与现有方法的本质区别: 不同于直接使用图像生成模型或代码生成的端到端方法，PaperBanana 通过显式解耦内容规划和风格优化，利用参考集合自动合成美学指南，并引入 Critic Agent 闭环反馈机制来恢复风格化过程中可能丢失的内容忠实性。

3. Method (方法)

3.1 总体框架

PaperBanana 是一个参考驱动的 agentic 框架，由五个专业化 Agent 协作完成学术插图的自动生成。整体流程分为两个阶段：Linear Planning Phase（线性规划阶段）和 Iterative Refinement Loop（迭代精炼循环）。

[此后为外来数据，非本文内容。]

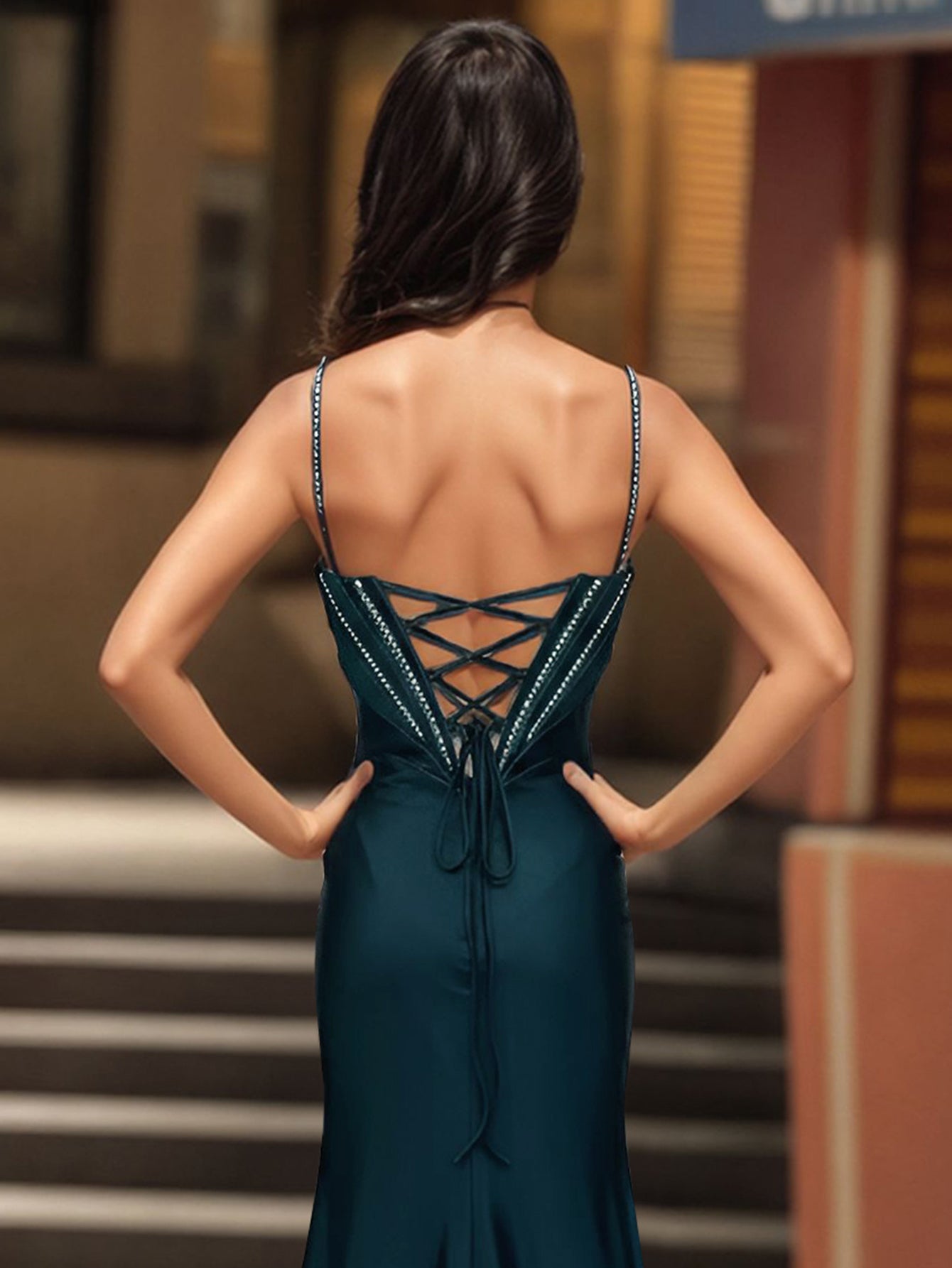 Details: Backless, Lace Up, Crystals, Split, Illusion, Sheer, Pleated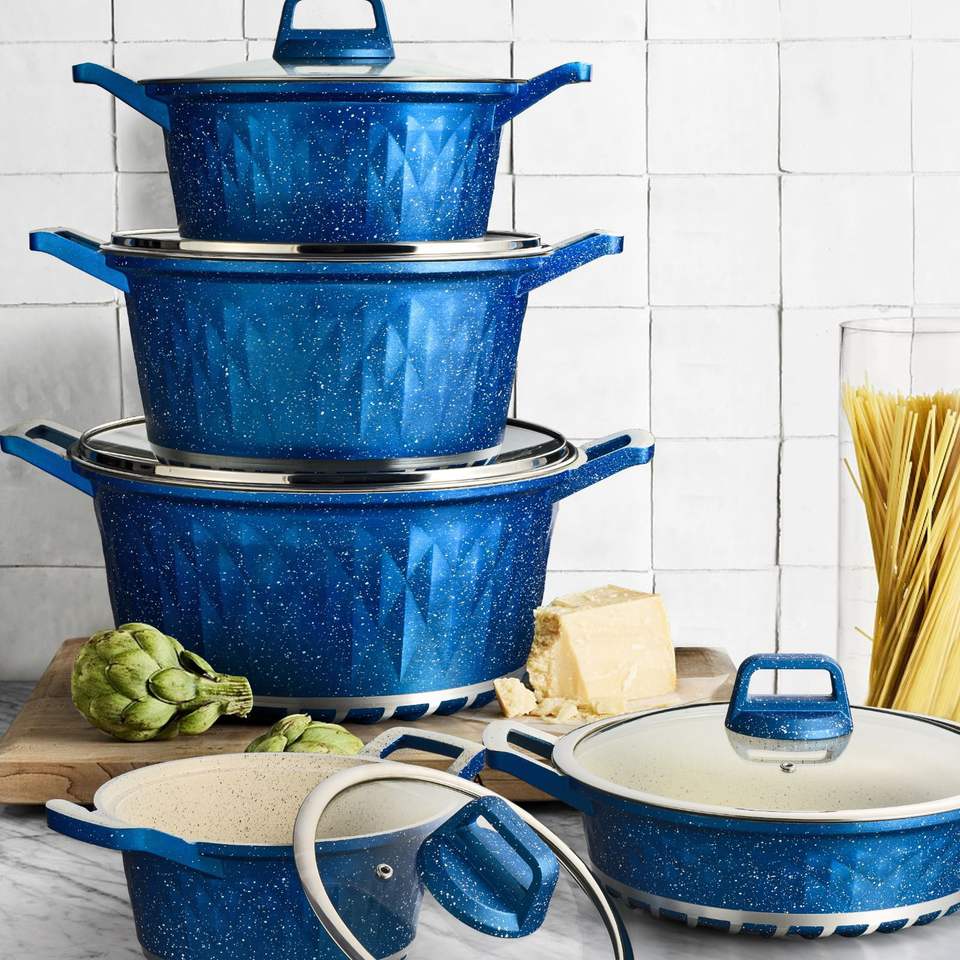 QueenTime Cookware Set 10 Piece Non Stick Diamond Style Oven Safe Casserole Pots With Lids For Stovetop And Oven Use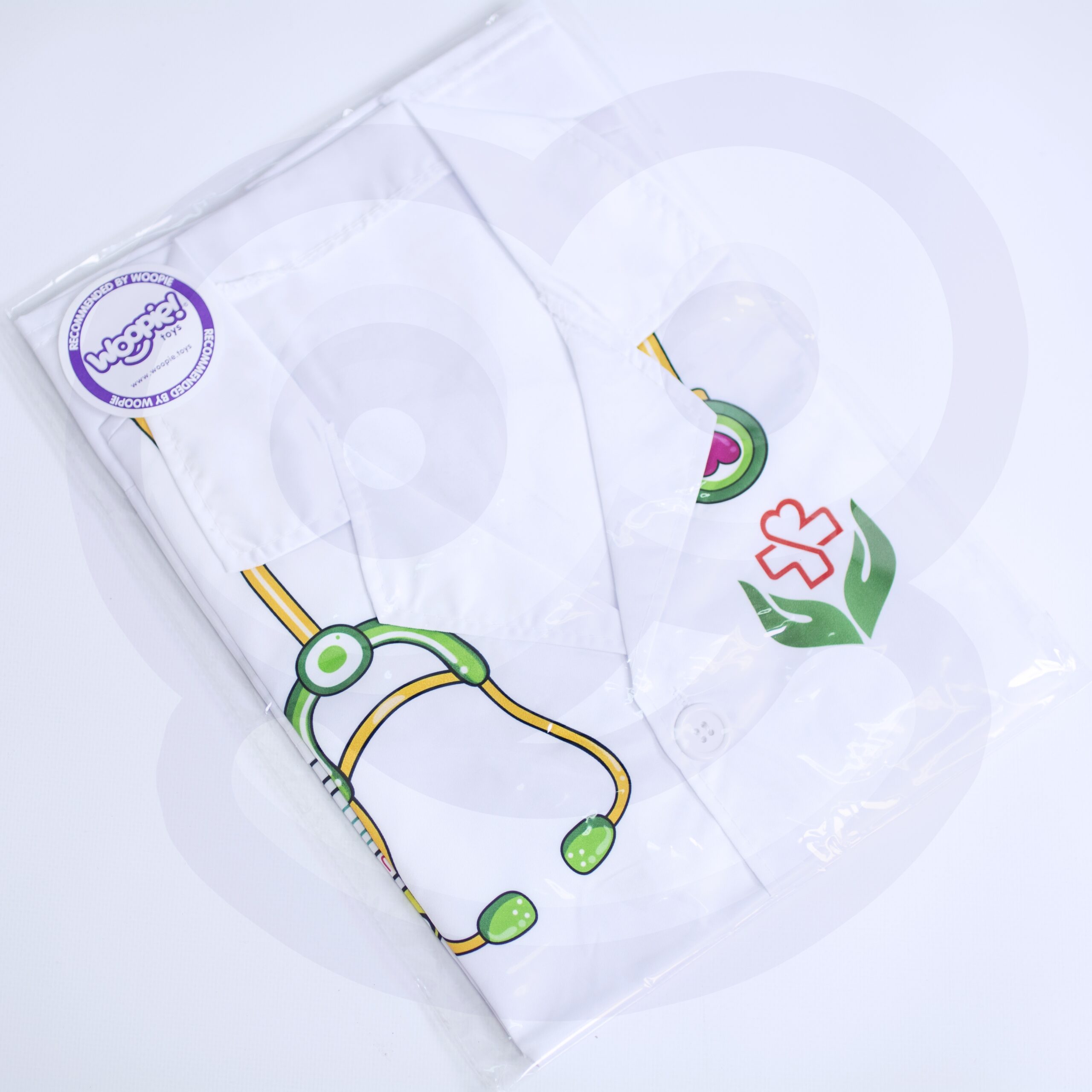 - Spaudiniai: Kostiumas turi atspaudus, imituojančius stetoskopą, sąsiuvinį, vaistus ir termometrą, todėl jis dar labiau primena tikro gydytojo uniformą.
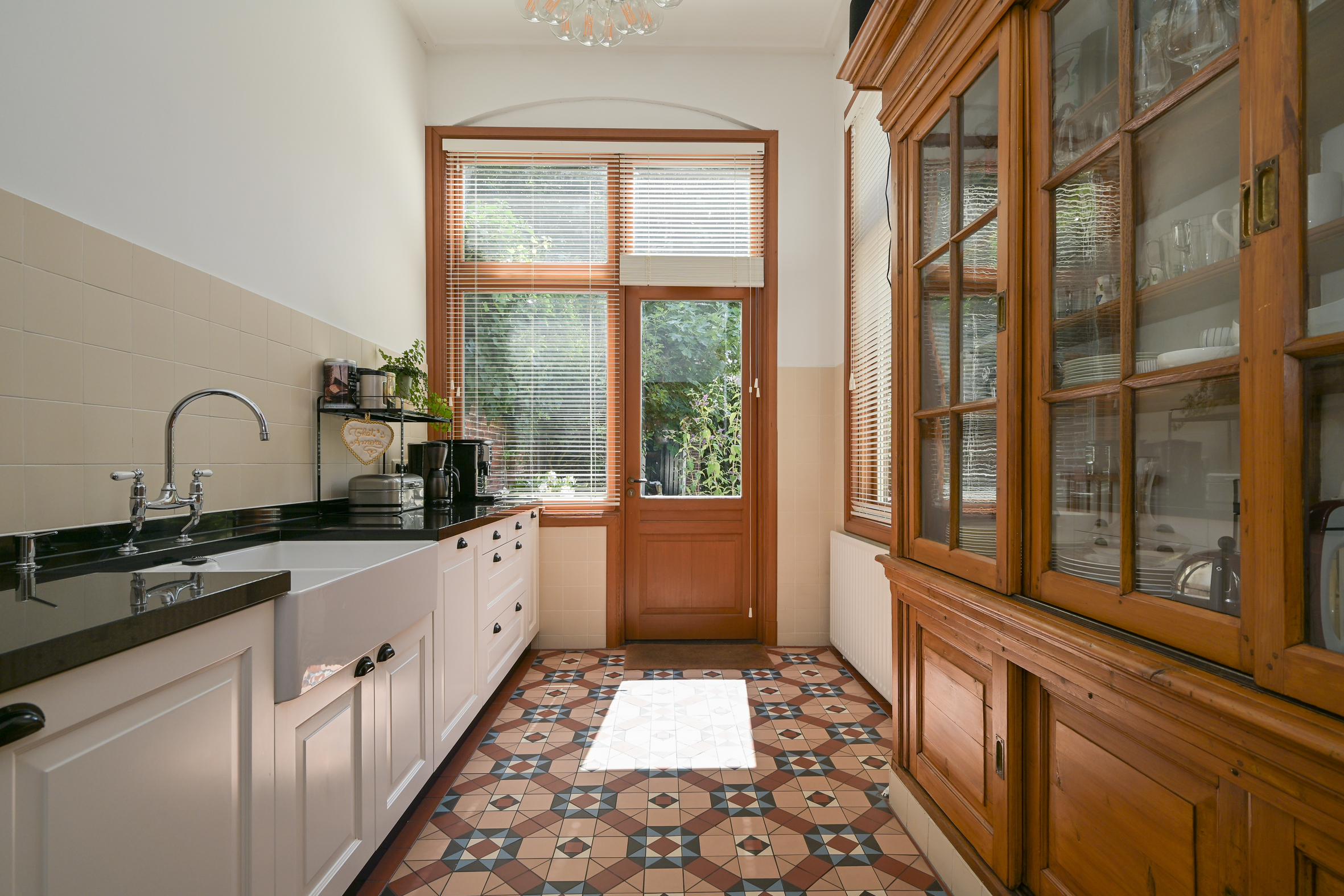 Indeling: entree, ruime hal met marmeren vloeren, tochtseparatie, brede gang met marmeren vloerdelen, fraai trappenhuis met spijltjes, open ruimte onder de trap, moderne wc met fonteintje. Royale brede kamers met marmeren schouwen (met in de voorkamer een houthaard), hoge geornamenteerde plafonds, suite separatie met schuifdeuren en vaste kasten en fraaie parketvloeren. De achterkamer heeft dubbele deuren naar de serrekamer en is eveneens in verbinding met de royale moderne keuken voorzien van (inbouw)apparatuur aan de ene zijde en een prachtige originele ingebouwde servieskast aan de andere zijde. Zowel de keuken als de serrekamer bieden toegang tot de ruime zonnige achtertuin met diverse schuurtjes en een achteringang (afsluitbare toegangsdeur aan de straat). Onder de keuken ligt een praktische kelderruimte van ca. 14 m2 en 1,81m hoog.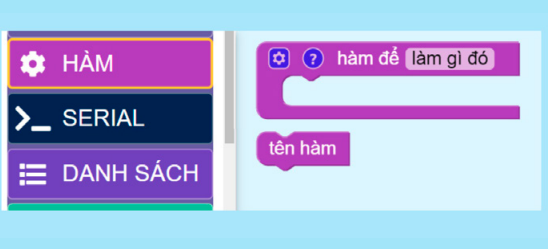 Khối lệnh mới với tên vừa đặt sẽ xuất hiện trong mục Hàm.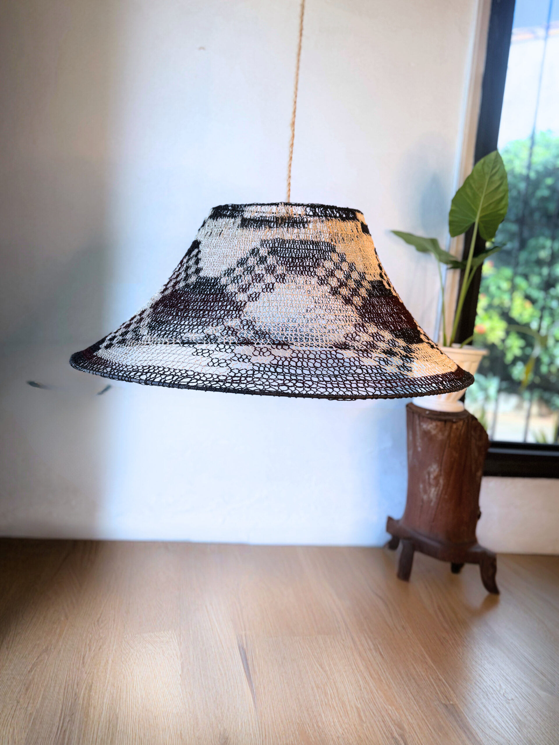 Lámpara colgante artesanal de caraguatá pensada para crear una atmósfera serena y envolvente. Su tejido más cerrado suaviza la salida de la luz, generando una iluminación difusa, cálida y contenida.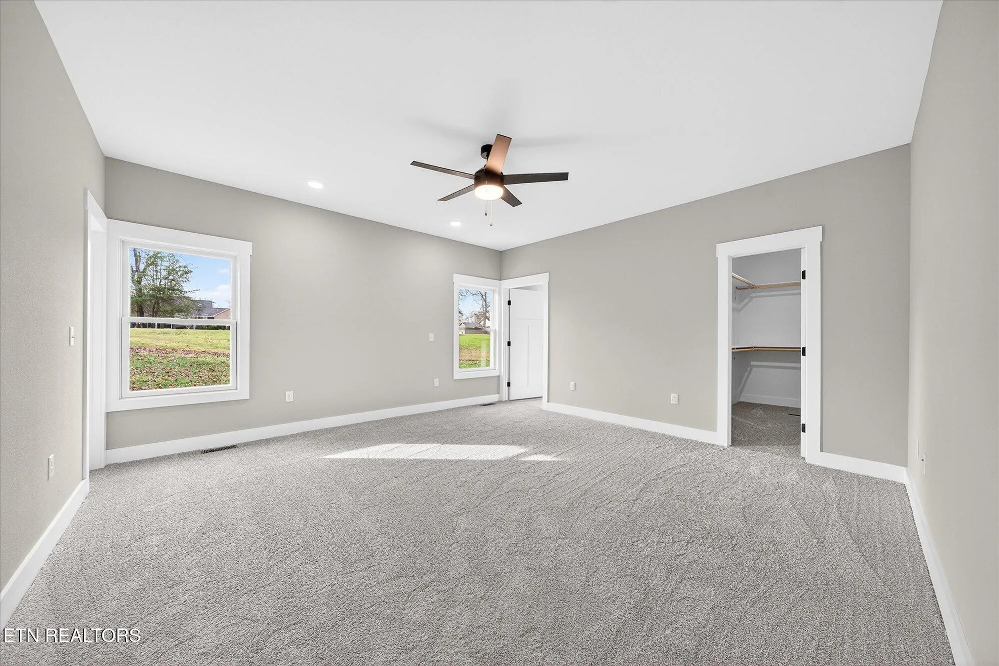 • Spacious primary suite with plush carpet, two walk-in closets, and spa-style bath featuring dual sink quartz vanity with lighted mirror, and tile walk-in shower with bench, niche, body sprayers, handheld, and glass surround\r\n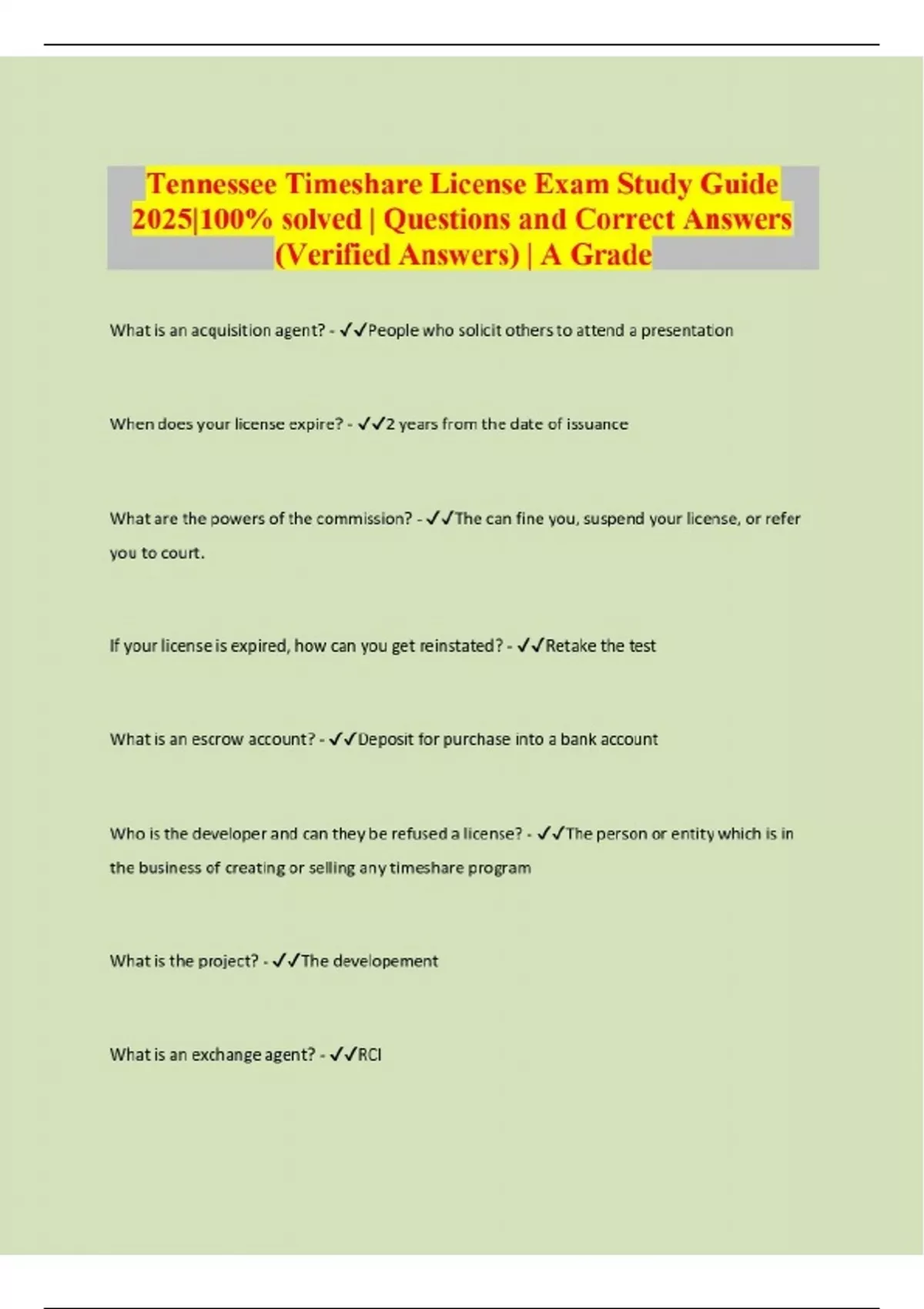 Tennessee Timeshare License Exam Study Guide2025|100% solved | Questions and Correct Answers (Verified Answers) | A Grade

Figure 2 解读: 该框架图展示了 PaperBanana 的完整工作流程。左侧输入为 Source Context $S$ （方法论文本）和 Communicative Intent $C$ （图片说明）。Linear Planning Phase 包含三个 Agent 的线性流水线：Retriever Agent 从参考集 $R$ 中选择相关示例 $E$ ，Planner Agent 生成初始描述 $P$ ，Stylist Agent 利用自动合成的 Aesthetic Guidelines $G$ 将 $P$ 精炼为风格优化版本 $P^{*}$ 。右侧的 Iterative Refinement Loop 由 Visualizer Agent 和 Critic Agent 组成闭环：Visualizer 将描述渲染为图像 $I_{t}$ ，Critic 通过事实验证生成修正描述 $P_{t + 1}$ ，循环 $T = 3$ 轮后输出最终插图 $I_{T}$ 。

3.2 任务形式化

将自动化学术插图生成形式化为从源上下文和交流意图到视觉表示的映射。设 $S$ 为源上下文（方法论描述）， $C$ 为交流意图（图片说明），目标是生成图像 $I$ ：

I = f (S, C)

可选地引入 $N$ 个参考示例 $E = {E_{n}}_{n = 1}^{N}$ ，其中 $E_{n} = (S_{n}, C_{n}, I_{n})$ ，统一任务形式化为：

I = f (S, C, E)

当 $E = \emptyset$ 时退化为 zero-shot 生成。

3.3 各关键组件详解

(1) Retriever Agent — 参考检索

Retriever Agent 从固定参考集 $R$ 中识别 $N$ 个最相关的示例 $E = {E_{n}}_{n = 1}^{N} \subset R$ ，为下游 Agent 提供结构和风格参考。采用生成式检索方法，让 VLM 在候选元数据上进行推理选择：

E = VLM_{Ret} (S, C, {(S_{i}, C_{i})}_{E_{i} \in R})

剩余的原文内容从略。